McDowell, M. A., Heimes, M., Fiorentino, F., Mehmood, S., Farkas, Á., Coy-Vergara, J., et al. (2020). Structural Basis of Tail-Anchored Membrane Protein Biogenesis by the GET Insertase Complex. Molecular Cell, 80(1), 72-86. doi:10.1016/j.molcel.2020.08.012.


Cite as: https://hdl.handle.net/21.11116/0000-0009-598E-4
Abstract
Membrane protein biogenesis faces the challenge of chaperoning hydrophobic transmembrane helices for faithful membrane insertion. The guided entry of tail-anchored proteins (GET) pathway targets and inserts tail-anchored (TA) proteins into the endoplasmic reticulum (ER) membrane with an insertase (yeast Get1/Get2 or mammalian WRB/CAML) that captures the TA from a cytoplasmic chaperone (Get3 or TRC40, respectively). Here, we present cryo-electron microscopy reconstructions, native mass spectrometry, and structure-based mutagenesis of human WRB/CAML/TRC40 and yeast Get1/Get2/Get3 complexes. Get3 binding to the membrane insertase supports heterotetramer formation, and phosphatidylinositol binding at the heterotetramer interface stabilizes the insertase for efficient TA insertion in vivo.
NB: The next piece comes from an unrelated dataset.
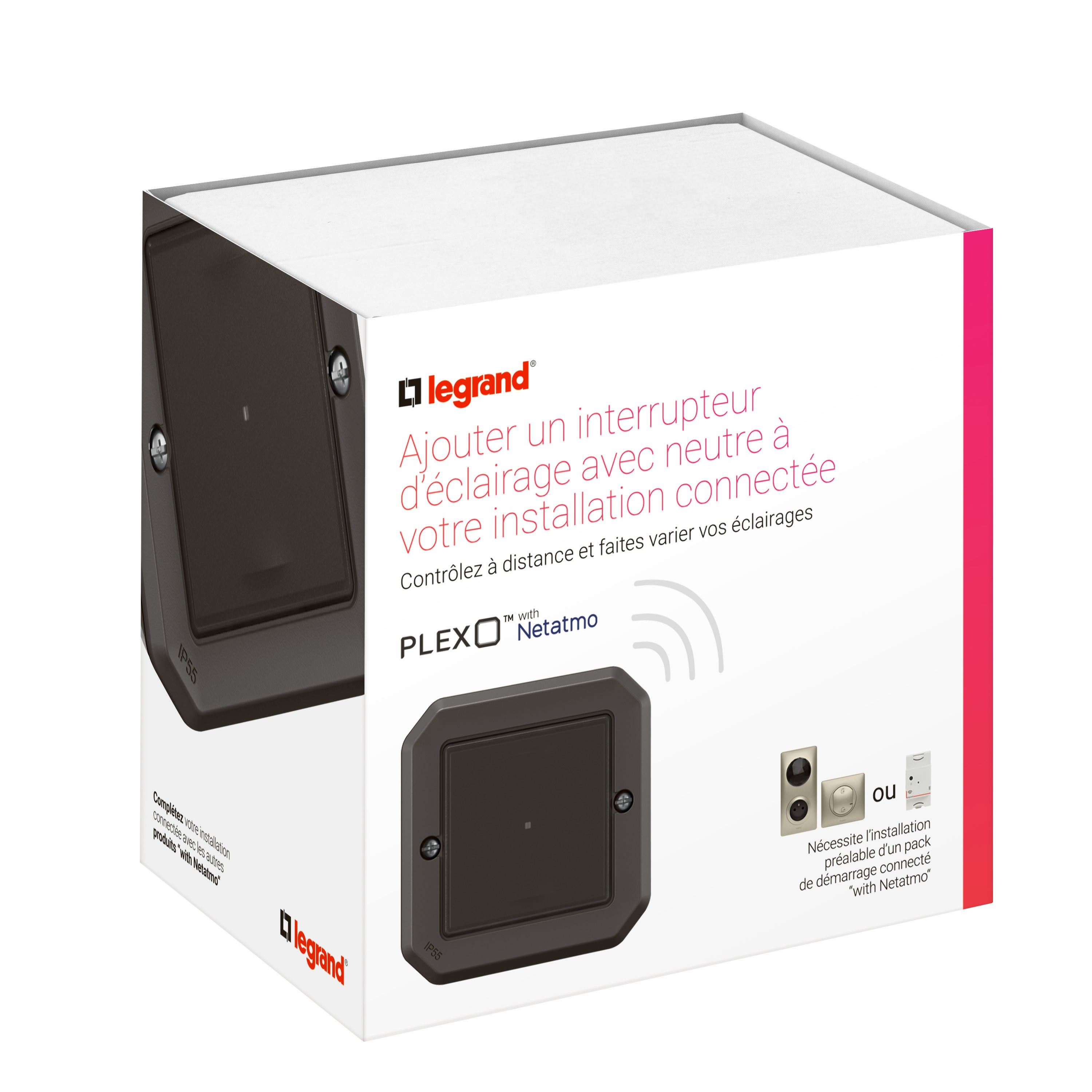 Plexo™ with Netatmo : la version connectée de Plexo™ qui permet de contrôler l'éclairage, les volets roulants et les appareils électriques, manuellement par une commande sans fil, un interrupteur ou via la voix avec les assistants vocaux Home d'Apple, Alexa d'Amazon et Google Home et également à distance par un smartphone avec l'App. Home + Control. La commande générale permet de centraliser les commandes, d'éteindre toutes les lumières, baisser tous les volets... La mise en oeuvre est simple avec un câblage classique et intuitif avec l'appairage des fonctions.

We identify a Get2/CAML cytoplasmic helix that forms a "gating" interaction with Get3/TRC40 important for TA insertion. Structural homology with YidC and the ER membrane protein complex (EMC) implicates an evolutionarily conserved insertion mechanism for divergent substrates utilizing a hydrophilic groove. Thus, we provide a detailed structural and mechanistic framework to understand TA membrane insertion.